Database dumps are more portable and can be restored to different versions.

Automated Backup Script

Create /opt/docker-backup.sh:

/opt/docker-backup.sh

#!/bin/bash
set -e

BACKUP_DIR="/opt/backups"
RETENTION_DAYS=7
DATE=$(date +%Y%m%d_%H%M%S)

mkdir -p "$BACKUP_DIR"

# Backup Docker volumes
echo "Backing up Docker volumes..."
for volume in $(docker volume ls -q); do
    echo "  Backing up $volume"
    docker run --rm \
        -v "$volume":/source:ro \
        -v "$BACKUP_DIR":/backup \
        alpine tar czf "/backup/${volume}_${DATE}.tar.gz" -C /source .
done

# Backup Compose files
echo "Backing up Compose configurations..."
tar czf "$BACKUP_DIR/compose-configs_${DATE}.tar.gz" /opt/docker-apps/

# Clean old backups
echo "Removing backups older than $RETENTION_DAYS days..."
find "$BACKUP_DIR" -name "*.tar.gz" -mtime +$RETENTION_DAYS -delete

echo "Backup complete!"

Schedule with cron:

Schedule backup

chmod +x /opt/docker-backup.sh

# Run daily at 2 AM
echo "0 2 * * * root /opt/docker-backup.sh >> /var/log/docker-backup.log 2>&1" | sudo tee /etc/cron.d/docker-backup

Off-Site Backups

Sync to S3-compatible object storage:

rclone sync

# Install rclone
curl https://rclone.org/install.sh | sudo bash

# Configure (interactive)
rclone config

# Add to backup script
rclone sync /opt/backups remote:docker-backups --transfers 4

Restoring from Backup

Restore commands

# Restore a volume
docker compose stop app
docker run --rm \
  -v app-data:/target \
  -v $(pwd)/backups:/backup:ro \
  alpine sh -c "rm -rf /target/* && tar xzf /backup/app-data_20240115.tar.gz -C /target"
docker compose start app

# Restore a database dump
docker compose exec -T db psql -U postgres mydb < backup.sql

Security Hardening

Docker's defaults prioritize convenience over security. For production, tighten things up.

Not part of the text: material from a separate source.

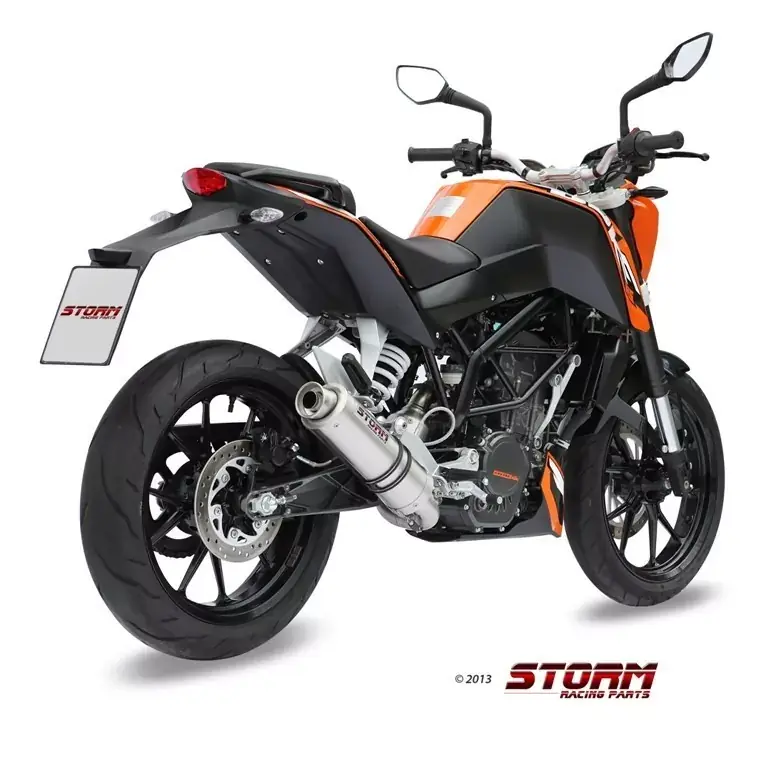 Die Storm by MIVV GP Komplettanlage bietet Ihnen eine sportliche Auspufflösung aus robustem Edelstahl, die ideal passend für KTM 125 Duke (2011–2016) und KTM 200 Duke (2012–2014) entwickelt wurde. Diese Auspuffanlage überzeugt durch eine gesteigerte Performance, einen kernigen Sound und eine attraktive Optik im klassischen GP-Stil. Zudem entfällt der Originalkatalysator, wodurch mit dem optional erhältlichen Nachrüstkat ACC.033.A1 eine legale Nutzung ermöglicht wird. Durch das verwendete Edelstahlmaterial bietet die Anlage höchste Langlebigkeit und Korrosionsbeständigkeit. Sie ist EC-geprüft und somit straßenzugelassen.

Run Containers as Non-Root

By default, processes inside containers run as root. If an attacker escapes the container, they have root on the host.

Non-root user

services:
  app:
    image: your-app:latest
    user: "1000:1000"  # Run as non-root user
    
  nginx:
    image: nginx:latest
    user: "nginx"
    
  postgres:
    image: postgres:16
    user: "postgres"

Read-Only Filesystems

Prevent attackers from modifying the container filesystem:

Read-only container

services:
  app:
    image: your-app:latest
    read_only: true
    tmpfs:
      - /tmp
      - /var/run
    volumes:
      - app-data:/data  # Writable volume for legitimate data

The tmpfs mounts provide writable temporary directories in memory.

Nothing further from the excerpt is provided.